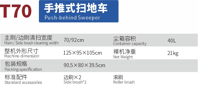 - 滾刷壓力可調節,適用于沙石、落葉等不同垃圾清掃。
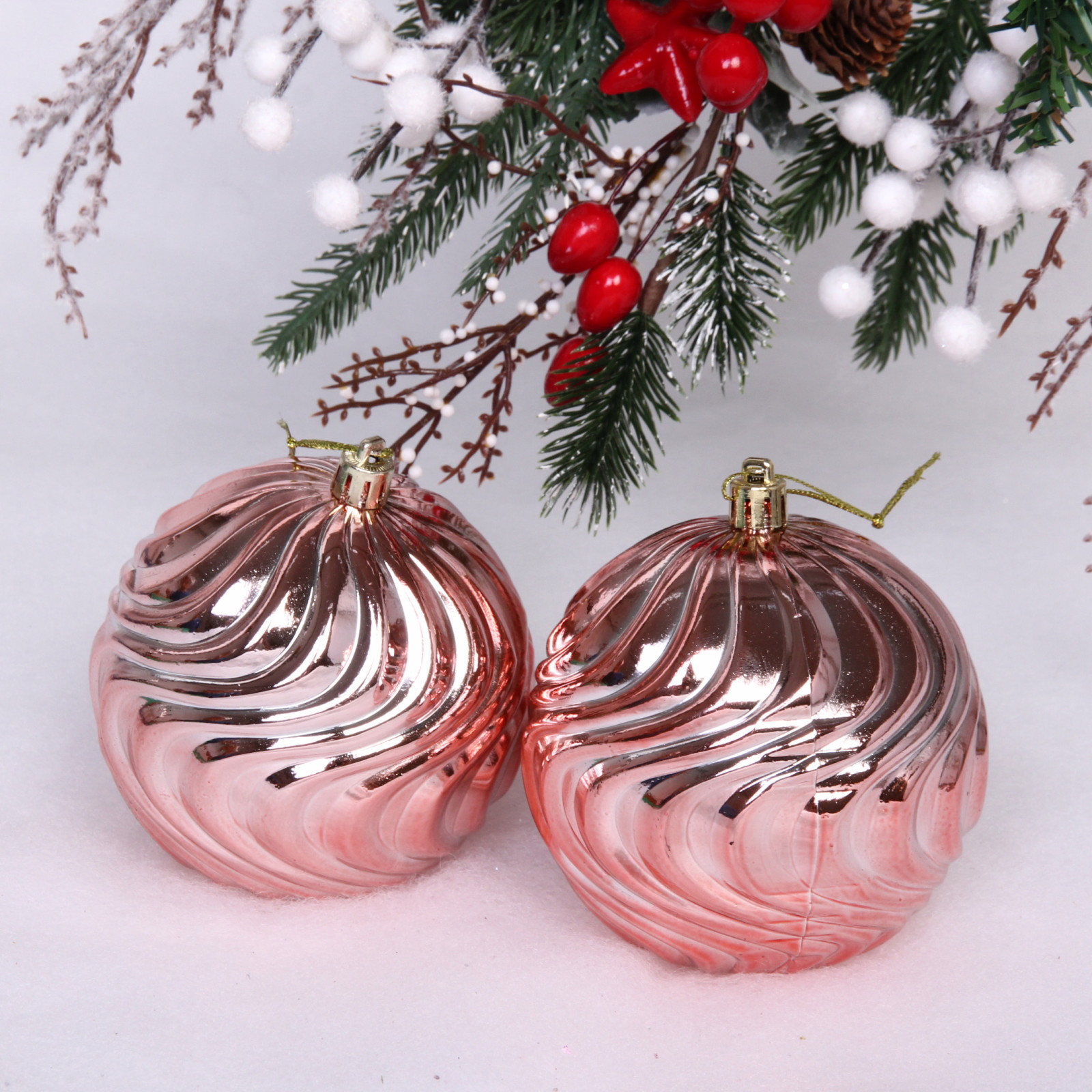 Новогодние шары 10 см (набор 2 шт) "Рельеф", розовое золото
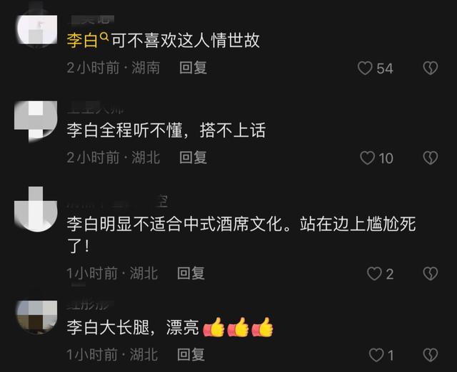 网友们纷纷表示李白是外国人,根本不适合这样的场面,她不懂中国式酒席文化,站在一旁实在太尴尬了。

PROBLEM DESCRIPTION |
Set the listing down verbatim, excluding pictures.

WRITTEN SOLUTION |
 - 滾刷壓力可調節,適用于沙石、落葉等不同垃圾清掃。
 Новогодние шары 10 см (набор 2 шт) "Рельеф", розовое золото
 网友们纷纷表示李白是外国人,根本不适合这样的场面,她不懂中国式酒席文化,站在一旁实在太尴尬了。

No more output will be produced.